I think if my people who apostatize experience similar changes to their social life as I have, that could materially impinge on their perceived happiness by others. I guess everyone's case is different.

*I think I killed off that potential friendship by making the mistake of arguing against the church's position on gay marriage. The guy in this couple had been passing an information sheet around trying to recruit people to vote for an anti-gay marriage proposal that was going to be on the ballot. I told him I wouldn't support that, and we argued about gay marriage for a while and I think he concluded that I rejected the positions of our prophets and presented some sort of danger, and we haven't had a whole lot to do with each other ever since. We've exchanged pleasantries after Sacrament Meeting sometimes, but neither has been to the other's house ever since.

Re: Is "Mormon happiness" the one and only true ha

Posted: Wed Mar 05, 2008 6:49 pm
by _Sam Harris
Blixa wrote:GIMR wrote:
Mormon happiness...is a cultural garment.


Professor Blixa's Metaphor of the Day.


Thanks, Professor! I feel special. *glowing*

Posted: Wed Mar 05, 2008 7:02 pm
by _SatanWasSetUp
Mormon happiness is going to church with your family on Sunday.
Non-mormon happiness is going to the beach with your family on Sunday.

Mormon happiness is going to seminary at 6:00 in the morning.
Non-mormon happiness is going to the gym at 6:00 in the morning.

Mormon happiness is attending the ward dinner on Frida night.
Non-mormon happiness is going to the movies on Friday night.

There can be a difference between Mormon happiness and non-mormon happiness, but what I've heard is non-mormons may say they are happy, and they may have some happiness, but they don't have the fullness of joy that comes from the gospel.

Also, sethbag hit on an important thing, the perceived unhappiness of the apostate. If you no longer associate with a bunch of members from church, you may appear to be lonely and unhappy. When the ward is having an activity at the church, and of course the apostate is not there, obviously he can't be having as much fun as they are at the activity, therefore he must be sitting at home miserable.

There is a transition period as you begin to drift away from Mormon culture and fill the void with whatever. This transition can appear like unhappiness to a Mormon, but for most of us it isn't a big deal, and we're much happier living life on our own terms.
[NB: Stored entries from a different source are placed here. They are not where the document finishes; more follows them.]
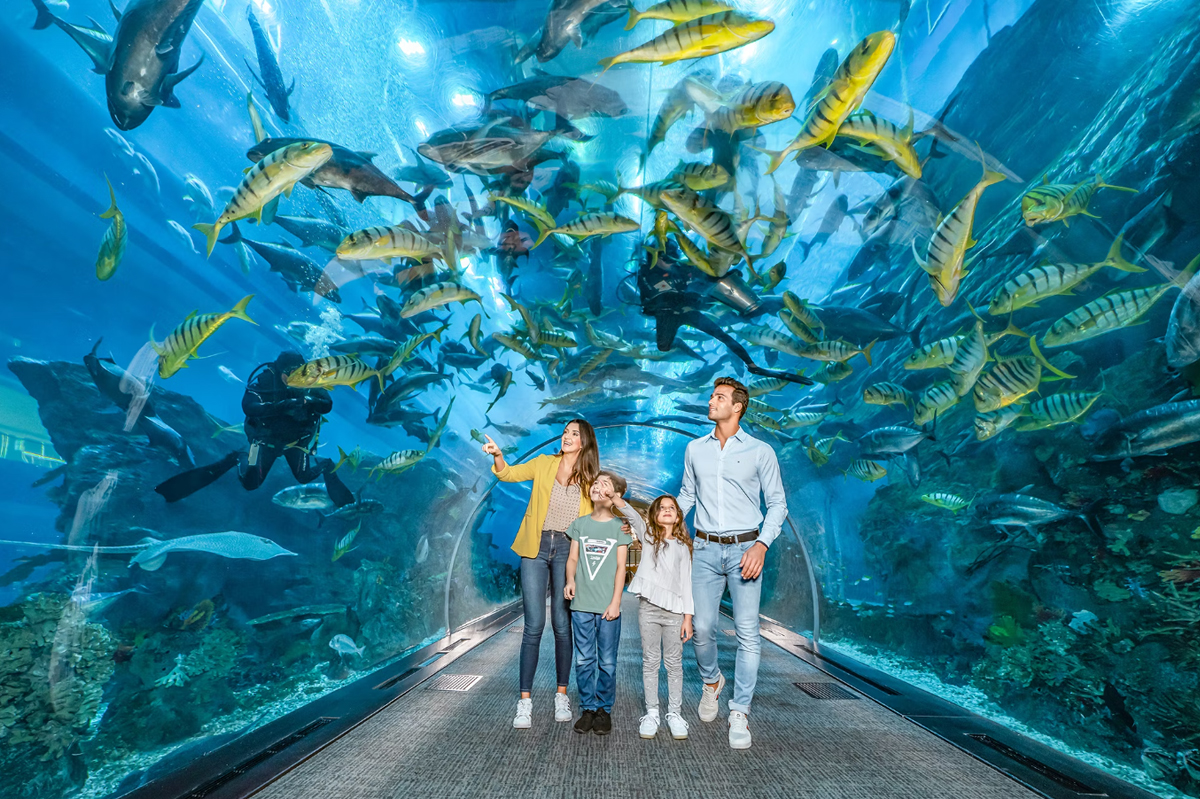 Uzunluğu 51 metre ve genişliği 20 metre olan etkileyici bir alana yayılan bu devasa yapı 10 milyon litre su ile doldurulmaktadır. Yapıda dayanıklılığı sağlamak için 76 cm kalınlığında darbeye dayanıklı cam kullanılmıştır. Otantik bir su altı ambiyansı yaratmak için 10 milyon litre su özenle eklenmiştir. Akvaryum 33.000’den fazla su altı hayvanına ev sahipliği yaparak ziyaretçilere çok çeşitli deniz yaşamını keşfetmek için olağanüstü bir fırsat sunuyor. Binanın her tarafına stratejik olarak yerleştirilen izleme pencereleri, akvaryumun çeşitli alanlardan net bir şekilde görülebilmesini sağlıyor. Ayrıca, herhangi bir su sızıntısını önlemek için suya dayanıklı cam izolatörler kullanılmış, böylece darbe durumunda bile ziyaretçiler için güvenli ve keyifli bir ortam sağlanmıştır.
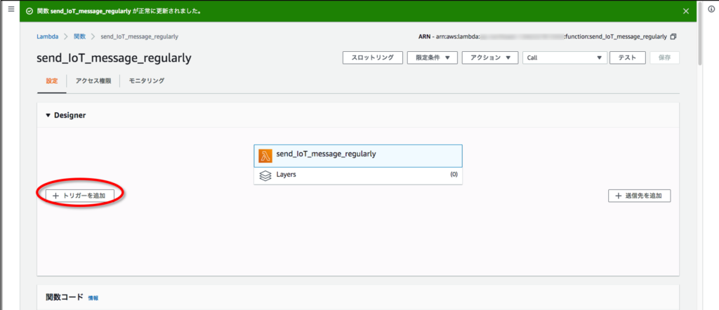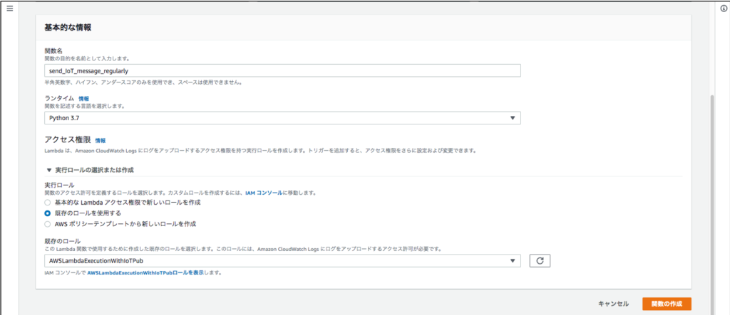 | アクセス権限 | 既存のロールを使用する: AWSLambdaExecutionWithIoTPub |
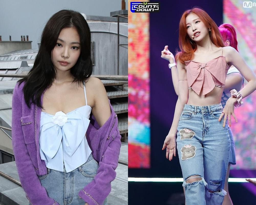 Mới đây, Arin (Oh My Girl) cũng có màn đụng hàng thú vị với Jennie. Vì khí chất và vóc dáng của Arin đối lập với Jennie nên tuy mặc cùng một kiểu áo, hai nữ idol nhìn hoàn toàn khác biệt.

I imagine also it depends on the attitude of the TBM spouse (if there is one). If the TBM spouse is unhappy living with an apostate, it is assumed the apostate is also miserable, and it is all caused by the apostacy.
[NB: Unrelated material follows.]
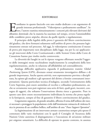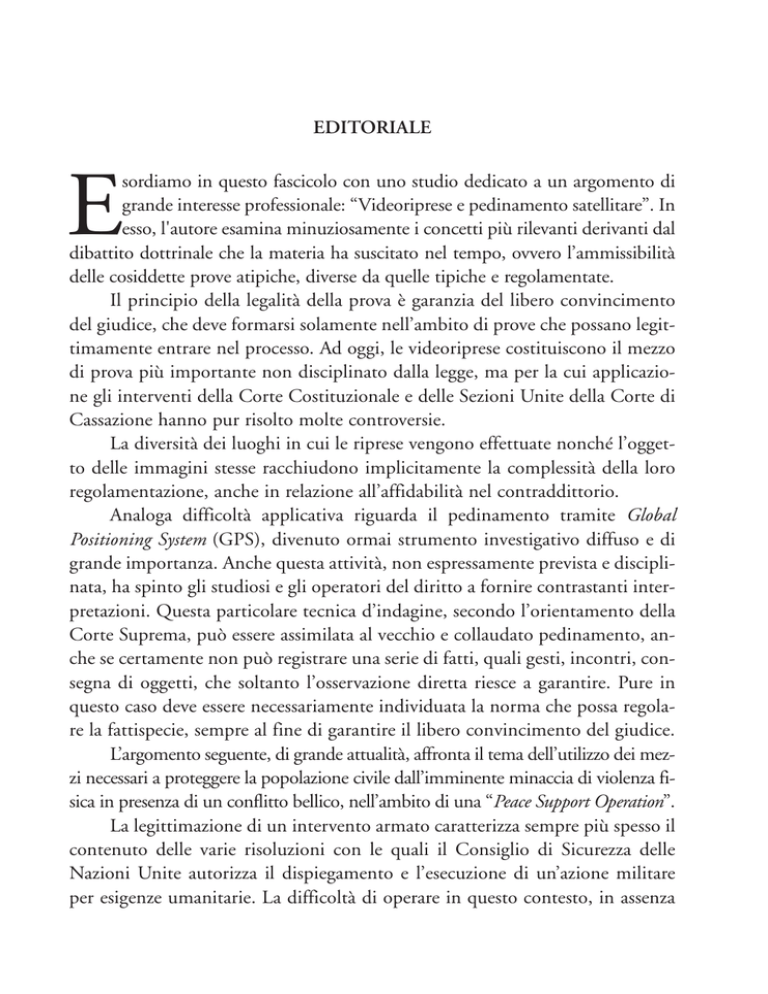 EDITORIALE E sordiamo in questo fascicolo con uno studio dedicato a un argomento di grande interesse professionale: “Videoriprese e pedinamento satellitare”. In esso, l'autore esamina minuziosamente i concetti più rilevanti derivanti dal dibattito dottrinale che la materia ha suscitato nel tempo, ovvero l’ammissibilità delle cosiddette prove atipiche, diverse da quelle tipiche e regolamentate. Il principio della legalità della prova è garanzia del libero convincimento del giudice, che deve formarsi solamente nell’ambito di prove che possano legittimamente entrare nel processo. Ad oggi, le videoriprese costituiscono il mezzo di prova più importante non disciplinato dalla legge, ma per la cui applicazione gli interventi della Corte Costituzionale e delle Sezioni Unite della Corte di Cassazione hanno pur risolto molte controversie. La diversità dei luoghi in cui le riprese vengono effettuate nonché l’oggetto delle immagini stesse racchiudono implicitamente la complessità della loro regolamentazione, anche in relazione all’affidabilità nel contraddittorio. Analoga difficoltà applicativa riguarda il pedinamento tramite Global Positioning System (GPS), divenuto ormai strumento investigativo diffuso e di grande importanza. Anche questa attività, non espressamente prevista e disciplinata, ha spinto gli studiosi e gli operatori del diritto a fornire contrastanti interpretazioni. Questa particolare tecnica d’indagine, secondo l’orientamento della Corte Suprema, può essere assimilata al vecchio e collaudato pedinamento, anche se certamente non può registrare una serie di fatti, quali gesti, incontri, consegna di oggetti, che soltanto l’osservazione diretta riesce a garantire. Pure in questo caso deve essere necessariamente individuata la norma che possa regolare la fattispecie, sempre al fine di garantire il libero convincimento del giudice. L’argomento seguente, di grande attualità, affronta il tema dell’utilizzo dei mezzi necessari a proteggere la popolazione civile dall’imminente minaccia di violenza fisica in presenza di un conflitto bellico, nell’ambito di una “Peace Support Operation”. La legittimazione di un intervento armato caratterizza sempre più spesso il contenuto delle varie risoluzioni con le quali il Consiglio di Sicurezza delle Nazioni Unite autorizza il dispiegamento e l’esecuzione di un’azione militare per esigenze umanitarie. La difficoltà di operare in questo contesto, in assenza di precise linee guida che possano orientare le operazioni, rende complessa la verifica dei principi consuetudinari della necessità e della proporzionalità dell’uso della forza. Tragedie come quelle del Ruanda e dei Balcani negli anni Novanta hanno dimostrato che non sussistevano altre opzioni che quella militare per neutralizzarle o limitarne la portata. Disimpegnarsi ed evitare responsabilità personali, con grave nocumento per la prosecuzione della missione in un determinato contesto internazionale, appaiono ancora l’ostacolo maggiore al raggiungimento dell’obiettivo benefico. Prima dell’intervento è necessario, quindi, tentare di risolvere la crisi con tutti gli altri mezzi diplomatici, politici e economici di cui la comunità internazionale dispone. Concludiamo con il “phishing”, ovvero quella pratica illecita che, sfruttando tecniche di social engineering finalizzate ad acquisire informazioni su indicazioni personali, abitudini, stili di vita, consiste nel furto di dati riservati per l’accesso a servizi bancari e finanziari ai fini del loro successivo indebito utilizzo, assumendosi on-line l’identità del legittimo titolare. Il phishing, riconosciuto ormai come una concreta minaccia criminale, ha rivelato l’esistenza di “strutture delinquenziali consortili” a carattere internazionale, gestrici di un vero e proprio mercato delle credenziali di autenticazione di migliaia di utenti. Con questo numero si conclude il periodo da me trascorso quale Direttore responsabile della Rassegna, che si è rilevato sicuramente come un’esperienza avvincente e stimolante, foriera di ulteriore arricchimento del mio patrimonio professionale. La nostra Rivista, unanimemente riconosciuta quale consolidato strumento e punto di riferimento per coloro che intendano approfondire temi di carattere militare, giuridico e tecnico-professionale, continuerà ad essere, soprattutto per la Scuola Ufficiali, palestra di formazione per i futuri Comandanti, luogo di incontro con la realtà istituzionale per dibattere e confrontarsi sul piano culturale, alla ricerca di equilibrate sintesi tra esperienze pratiche ed elaborazioni dottrinali. Un grato ringraziamento a tutti i nostri collaboratori per i loro autorevoli apporti di pensiero e ai nostri lettori ed estimatori per la loro continua vicinanza e attenzione. Saluto riconoscente tutti i miei autorevoli predecessori, sempre prodighi di consigli, e auguro ogni migliore successo al Gen. Luigi Robusto, collega e amico di lunga data, che mi sostituirà nell’incarico. Gen. D. Giovanni Nistri dell’Arma dei Carabinieri SOMMARIO n. 4 Rassegna ottobre - dicembre 2013 STUDI LEGISLAZIONE E GIURISPRUDENZA Videoriprese e pedinamento satellitare, Giustizia Militare Sergio Bovio 5 Linee Guida per la valutazione della liceità del ricorso all’uso della forza nell’ambito di una Peace Support Operation (PSO), John Napolitano Vita della Scuola INFORMAZIONI 65 E SEGNALAZIONI Attualità e commenti Il phishing: dall’illecita captazione di dati alla truffa, 41 51 Vincenzo di Lembo 67 Libri 72 Riviste 73 Indice generale anno 2013 78 3 VIDEORIPRESE E PEDINAMENTO SATELLITARE Sergio BOVIO Capitano Ufficio Storico - Capo 1ª Sezione Studi Comando Generale dell’Arma dei Carabinieri SOMMARIO: 1. Le prove atipiche nella disciplina del codice. - 2. Le videoriprese. - 3. Il pedinamento satellitare tramite gps. - 4. Conclusioni. 1. Le prove atipiche nella disciplina del codice Un ampio dibattito dottrinale aveva interessato, vige

Posted: Wed Mar 05, 2008 7:05 pm
by _Doctor Steuss
BishopRic wrote:I had a conversation with a fellow exmo yesterday who said his family told him recently that he doesn't seem happy like he did when he was active. I know him well, and I perceive he is MUCH happier now as an exmo.

Chances are the reason he doesn’t look “happy” to his family is because he probably isn’t all that “happy” when around them. The lingering hermaphroditic monkey in the corner is still causing tension. Hopefully with time, it will pass.

What does "happiness" look like?

Happiness doesn’t look like anything. The face to meet the faces (thank you TS Elliot) does not necessarily accurately reflect the innards.

My take is that "Mormon happiness" is created by...Mormons! It looks like humble, quiet talk...a teary, smily look at church (showing gratitude for being blessed with the gospel), a slightly fatigued look that indicates much hard work for the Lord...and no conflict.

“When we’re helping we’re happy…”

Is this the same as "normal happiness?"

Happiness is not normal. Melancholy is.